As with a stack, the TailPointer points to the next empty space. The HeadPointer points to the next data item to remove. When the queue is empty, the head and tail pointer point to the same address.

  HeadPointer = TailPointer = & Array [ 0 ] ;

We also have operations called push and pop that add and remove data. The 'push' operation is almost identical to the stack example - but 'pop' has to take data from where the HeadPointer points and increment it to point at the next data item.

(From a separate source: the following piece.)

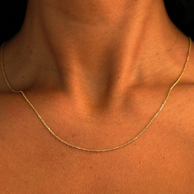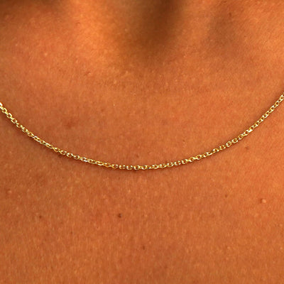 A model's neck wearing a solid 14k yellow gold Medium Cable Chain

However, there is a problem. Because we keep adding data at one end and removing it from the other - the section of the array with data in it creeps upwards - and sooner or later, the TailPointer will be pointing off the end of the array. When this happens with a stack - the stack is full and that's probably an error condition. But in a queue, there may well be a ton of space at the bottom of the array where we'd previously popped a bunch of stuff from. So what we have to do is to pretend that the top of the array is wrapped around and glued to the bottom end. That's why this data structure is sometimes called a 'ring buffer' or a 'circular buffer'. Hence, you might at some time see this:

                      +-------------+ Top of stack
                      |/////////////|
                      |/////////////|
  HeadPointer ------->|/////////////|
                      |             |
                      |             |
  TailPointer ------->|             |
                      |/////////////|
                      |/////////////|
                      +-------------+ Bottom of stack

This is easy enough to implement - after you increment either HeadPointer and TailPointer when you pop and push - you check to see if they are pointing off the end of the array - and if so, wrap them back to the beginning. That, in turn leads to some additional complexity with error checking because if the queue fills up completely, the head and tail pointers will wind up pointing to the same location...which is exactly the same as they are when the queue is completely empty. There are several ways to avoid this problem - the simplest is to have another variable that contains the number of items in the queue - increment it on every 'push' and decrement it on every 'pop'.